---------- RECORDS FOR THIS TASK ----------
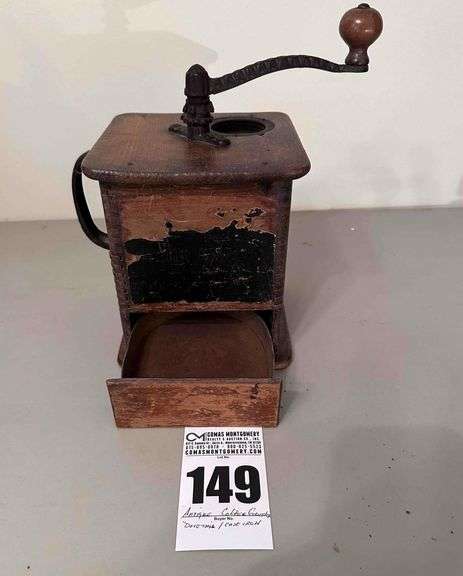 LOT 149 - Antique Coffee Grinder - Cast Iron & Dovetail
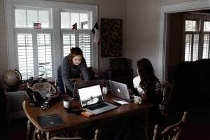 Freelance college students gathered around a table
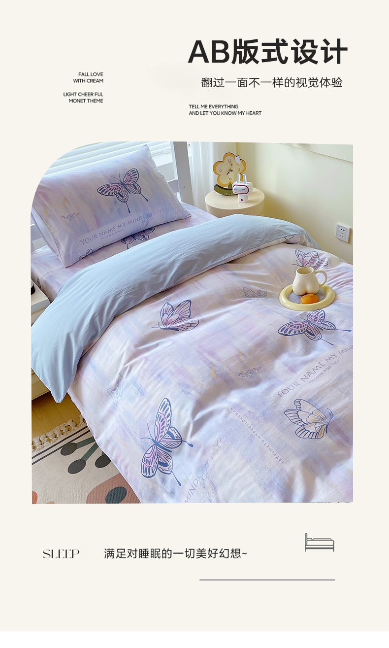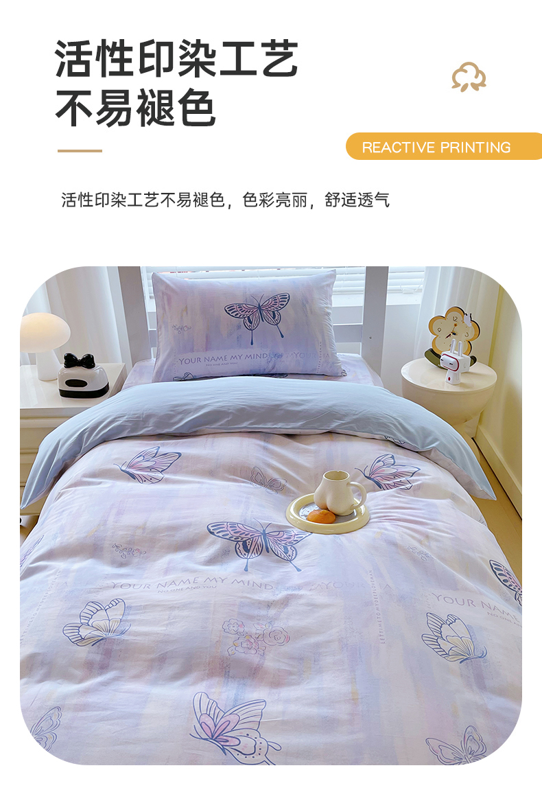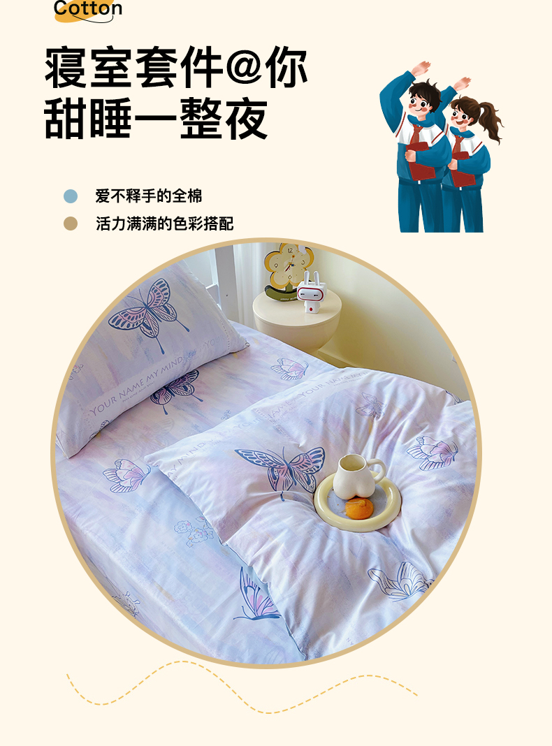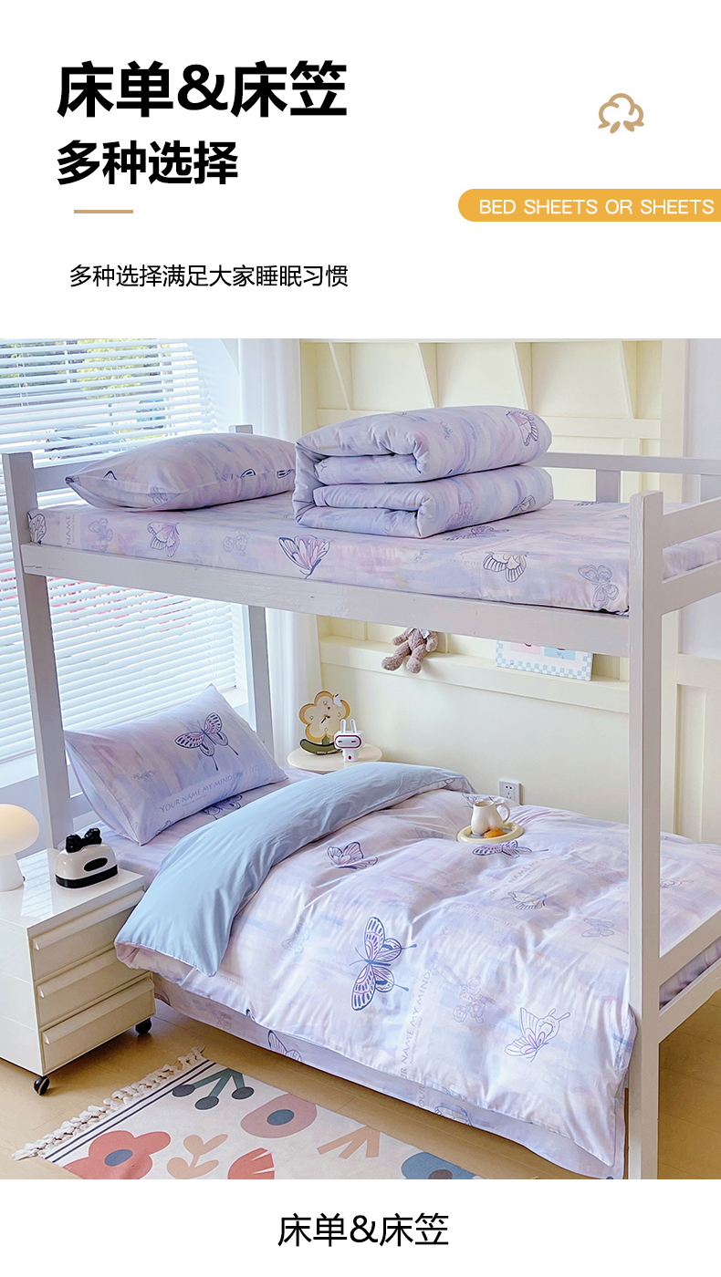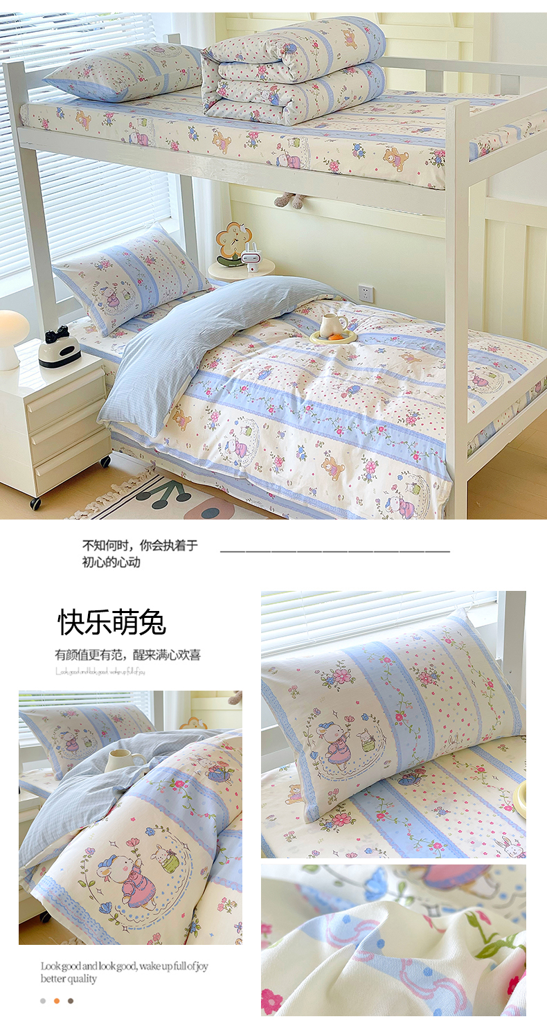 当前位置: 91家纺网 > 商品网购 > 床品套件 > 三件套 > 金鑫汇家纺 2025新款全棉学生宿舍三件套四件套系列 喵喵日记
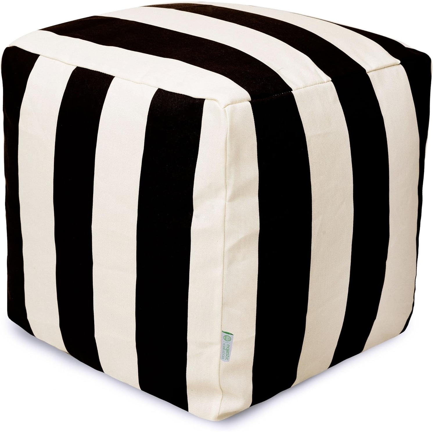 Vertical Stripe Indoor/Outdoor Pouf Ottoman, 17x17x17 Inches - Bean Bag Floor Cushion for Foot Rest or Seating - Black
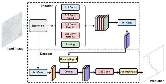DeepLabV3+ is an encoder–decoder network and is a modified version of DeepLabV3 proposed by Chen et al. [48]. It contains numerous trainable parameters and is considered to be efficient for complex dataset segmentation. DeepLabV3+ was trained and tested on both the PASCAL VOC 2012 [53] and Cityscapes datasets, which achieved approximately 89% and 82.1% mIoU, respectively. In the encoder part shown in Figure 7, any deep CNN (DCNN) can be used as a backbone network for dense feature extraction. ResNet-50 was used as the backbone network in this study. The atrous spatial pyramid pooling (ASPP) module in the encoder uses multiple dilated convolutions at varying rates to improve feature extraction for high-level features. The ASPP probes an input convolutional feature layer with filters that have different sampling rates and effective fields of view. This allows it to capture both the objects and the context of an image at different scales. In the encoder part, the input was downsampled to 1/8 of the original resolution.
----------
Restate all of the material word for word. Keep out every picture.

 LOT 149 - Antique Coffee Grinder - Cast Iron & Dovetail
 Freelance college students gathered around a table
 当前位置: 91家纺网 > 商品网购 > 床品套件 > 三件套 > 金鑫汇家纺 2025新款全棉学生宿舍三件套四件套系列 喵喵日记
 Vertical Stripe Indoor/Outdoor Pouf Ottoman, 17x17x17 Inches - Bean Bag Floor Cushion for Foot Rest or Seating - Black
DeepLabV3+ is an encoder–decoder network and is a modified version of DeepLabV3 proposed by Chen et al. [48]. It contains numerous trainable parameters and is considered to be efficient for complex dataset segmentation. DeepLabV3+ was trained and tested on both the PASCAL VOC 2012 [53] and Cityscapes datasets, which achieved approximately 89% and 82.1% mIoU, respectively. In the encoder part shown in Figure 7, any deep CNN (DCNN) can be used as a backbone network for dense feature extraction. ResNet-50 was used as the backbone network in this study. The atrous spatial pyramid pooling (ASPP) module in the encoder uses multiple dilated convolutions at varying rates to improve feature extraction for high-level features. The ASPP probes an input convolutional feature layer with filters that have different sampling rates and effective fields of view. This allows it to capture both the objects and the context of an image at different scales. In the encoder part, the input was downsampled to 1/8 of the original resolution.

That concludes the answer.